COMMENT
Iraq's recovery phase can now begin in
earnest
By Ramesh Thakur
The Iraq war roiled the world of international diplomacy as few other
issues have since 1945. Those waging war insisted that it was both legal and legitimate. Others conceded that it may have been illegal but was
still legitimate: an unflattering judgment on the adequacy of existing international law. A third group insisted that it was both illegal and
illegitimate.
Similarly, there were three views on the significance of the war for the UN-US relationship. President George W. Bush famously declared that by
refusing to support the war, the UN had rendered itself irrelevant. Others
countered that the vigour and tenor of the worldwide debate showed how central the UN still is to the great issues of war and peace; the failure
to obtain a UN authorisation robbed the war of legitimacy and legality. A third group insisted that if the Security Council had been bribed and
bullied into authorisation, the UN would have been complicit in a war of aggression.
Now the UN and the US have come together again with the unanimous adoption
of Resolution 1546. Iraq cannot be allowed to fail, not after everything that has happened. We all have a vital stake in stabilising
it, containing terrorism and moving beyond the Iraq mistakes.
The US army is not suited to a quasi-imperial vision. Built for high-intensity war-fighting, it has difficulty engaging in peace
operations and, once abroad, it lacks both staying power and nation-building skills. By contrast, the UN has credibility and legitimacy
in reintegration of former combatants, reconciliation of former enemies and reconstruction of war-torn societies.
After Abu Ghraib, the damage to US credibility and image in the Arab-Islamic world will take a generation to recover. Iraq's recovery must
start now. The following is a sketch of the tasks requiring urgent attention in Iraq.

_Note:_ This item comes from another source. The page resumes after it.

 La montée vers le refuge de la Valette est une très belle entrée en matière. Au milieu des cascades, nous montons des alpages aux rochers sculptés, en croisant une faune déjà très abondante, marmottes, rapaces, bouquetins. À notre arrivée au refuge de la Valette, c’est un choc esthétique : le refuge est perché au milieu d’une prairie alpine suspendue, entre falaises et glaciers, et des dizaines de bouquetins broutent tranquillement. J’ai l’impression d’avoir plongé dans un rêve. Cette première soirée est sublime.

First, stabilising the security situation. The current trends are in the wrong direction, with far too many kidnappings, attacks on and casualties
among Iraqi officials and civilians, occupying forces and humanitarian agencies. The maintenance of law and order has displaced the building of a
new Iraq as the top priority. The depressing spiral towards the breakdown of law and order has to be halted and
reversed. Insurgents must be tracked down, contained, progressively constricted to narrower operating bases,
and eventually defeated. This may require readjustments in the force mix of military units and contributors, and a better balance between
responding to provocations without alienating hearts and minds.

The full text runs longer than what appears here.